Merhaba yeryüzü sakinleri,

27 Nisan günü saat 06.32’de (tr) bir Dolunay meydana gelecek ve etkilerini 14 gün boyunca deneyimleyeceğiz. 

Dolunay zamanlarında yaşamlarımızda bir şeyler aydınlanır, ortaya çıkar, görünür olur. Bilinçaltımızın derinlikleri bizimle konuşur, rüyalarımız, duygularımız ve hislerimiz daha belirgindir. Tamamlanmalar, sonlanmalar yaşanır. Bu dolunayda görmemiz gereken; ortaya çıkanın, bastırdıklarımızın, yüzleştiklerimizin, kızgınlığımızın neye hizmet ettiğini, karanlığımızın hangi yanımızı parlatmak için ortaya çıktığını görebilmektir!

Dolunay’da içsel ihtiyacımız; derinleşmek, detaylarına inmek, yüzleşmek, güç sahibi olmak, korkusuzca üstüne gitmek, öğrenene kadar veya elde edene kadar bırakmamak, dönüşmek, dönüştürmek, şifa bulmak olacaktır.
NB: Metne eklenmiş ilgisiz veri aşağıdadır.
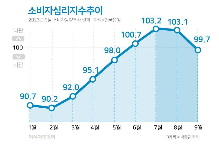 한국은행이 26일 발표한 '2023년 9월 소비자동향조사 결과'에 따르면 이달 중 소비자심리지수(CCSI)는 99.7로 전월(103.1)보다 3.4포인트(p) 하락했다.

Bu Dolunay’daki şifa şurup içip iyileşmek gibi değildir. Buradaki şifa neşterle kanserleşmiş bir şeyi söküp atabilmekten geçmektedir. Doktor, sana şifa olacağını bildiğinden duygularını kenara koyup o dokuyu kesip atmak zorundadır. İşte Dolunay süreci de tam da böyle korkusuzca gitmesi gerekenleri görüp yenilenmeye hizmet ediyor.

Dolunay’ın hemen karşısında bilincimiz 5 duyu organını hatırlamayı arzuluyor. Yemeyi, içmeyi, gezmeyi, huzur bulmayı, ait hissetmeyi, hayatın tadını çıkartmayı… Ama (12. evde) bu arzu; bastırılan, ortaya konmaya çekinilen bir arzu. Tam karşıda (6. evde); sorumluluklar, rutinler, alışkanlıklar, yapılması gerekenler var. Hem de belki yüzyıllardır süregelen. Böyle gelmiş, artık böyle gitmeyen! 

Sorumluluklarının, rutinlerinin, alışkanlıklarının, iş ve günlük hayat düzeninin hepsi, senin mi?

Bu yıl itibariyle; sahip oldukça, aldıkça, takıntı yaptıkça, tükettikçe beslendiğini sanan nefsimizden azat olmaya ve bakış açımızı değiştirmeye, yeni bir bilince çağrılıyoruz.

Benliğimize, keyifle ve hafif yaşamaya, huzurumuza engel olan ne varsa, yaşam onları bizi durdurarak bu süreçte gösterebilir. Ama burada yapılmaması gereken şey; fevri kararlar vermek, boş vermek, isyan etmek, birden kesip atmaktır. Adım adım ve sabırla sorumlulukları bölüşmek, başka yöntemler denemek, değişimin sorumluluğunu alabilmek gereklidir.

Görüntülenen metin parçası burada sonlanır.